--- PROBLEM ---
All lines from the one containing "以下是出國留學(xué)網(wǎng)小" down to the one containing "当前位置: 91家纺网 >", both ends included, are to be given again exactly; omit the rest of the listing below.

--- INPUT FOR THIS TASK ---
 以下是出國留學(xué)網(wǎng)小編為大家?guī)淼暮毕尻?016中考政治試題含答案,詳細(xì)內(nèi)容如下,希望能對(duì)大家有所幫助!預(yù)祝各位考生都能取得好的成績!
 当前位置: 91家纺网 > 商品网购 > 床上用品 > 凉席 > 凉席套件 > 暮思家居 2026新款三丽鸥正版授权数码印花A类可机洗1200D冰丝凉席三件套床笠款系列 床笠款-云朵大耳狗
---
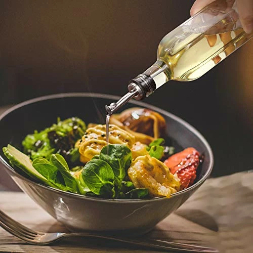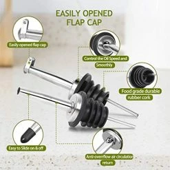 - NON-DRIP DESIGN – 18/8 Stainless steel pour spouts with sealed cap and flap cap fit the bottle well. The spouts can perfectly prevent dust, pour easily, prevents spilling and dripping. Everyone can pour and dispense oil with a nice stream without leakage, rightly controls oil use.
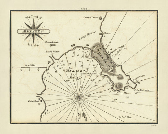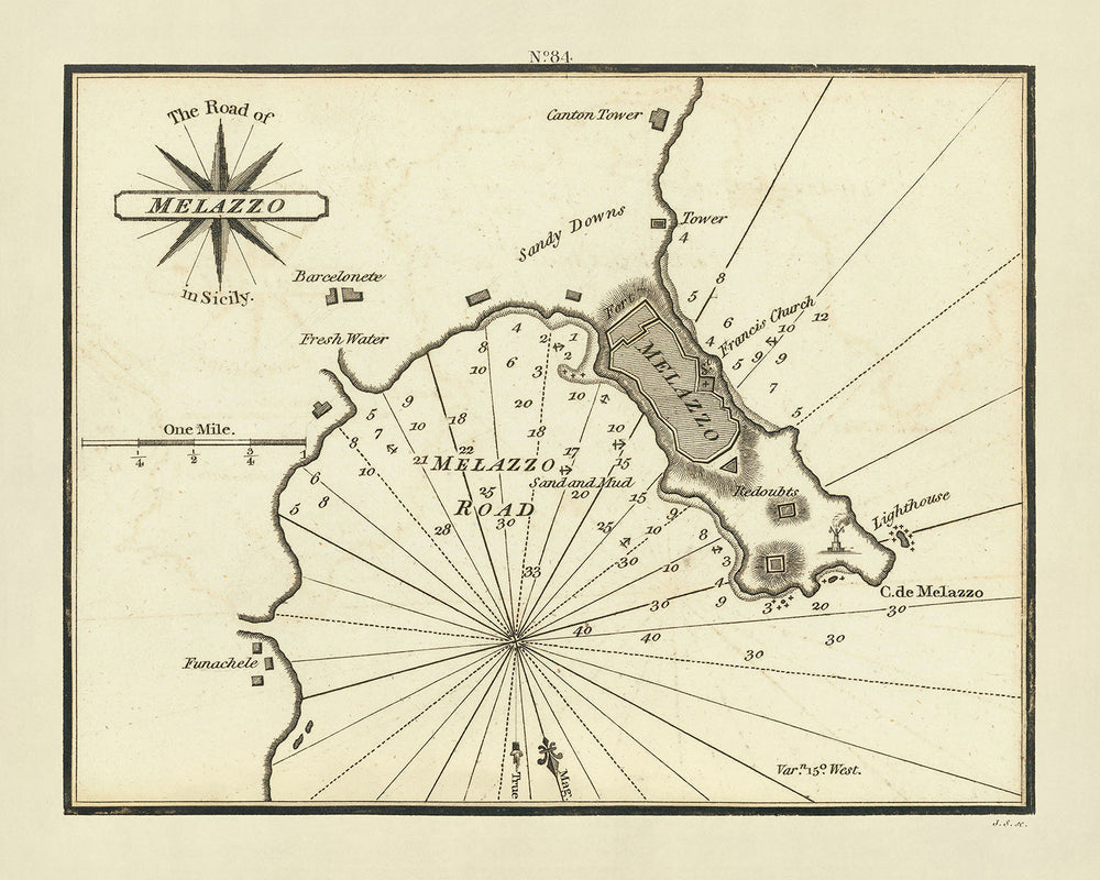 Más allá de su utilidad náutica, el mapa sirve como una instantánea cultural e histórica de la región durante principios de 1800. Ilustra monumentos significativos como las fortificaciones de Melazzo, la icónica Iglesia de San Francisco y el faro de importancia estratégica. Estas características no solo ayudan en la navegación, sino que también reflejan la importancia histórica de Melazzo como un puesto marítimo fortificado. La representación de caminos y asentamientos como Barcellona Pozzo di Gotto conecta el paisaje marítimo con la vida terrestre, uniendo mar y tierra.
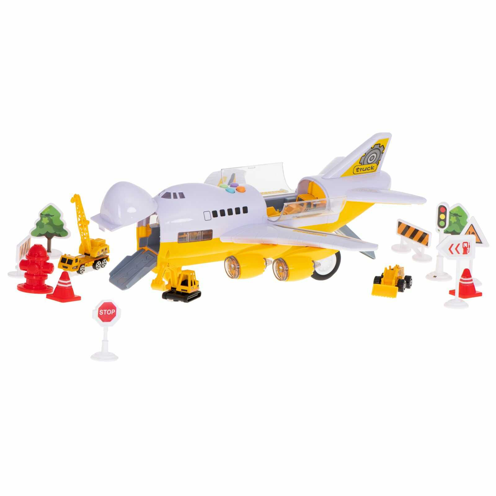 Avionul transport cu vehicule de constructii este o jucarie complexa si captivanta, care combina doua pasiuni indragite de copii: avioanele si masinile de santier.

--- YOUR RESPONSE ---
 以下是出國留學(xué)網(wǎng)小編為大家?guī)淼暮毕尻?016中考政治試題含答案,詳細(xì)內(nèi)容如下,希望能對(duì)大家有所幫助!預(yù)祝各位考生都能取得好的成績!
 当前位置: 91家纺网 > 商品网购 > 床上用品 > 凉席 > 凉席套件 > 暮思家居 2026新款三丽鸥正版授权数码印花A类可机洗1200D冰丝凉席三件套床笠款系列 床笠款-云朵大耳狗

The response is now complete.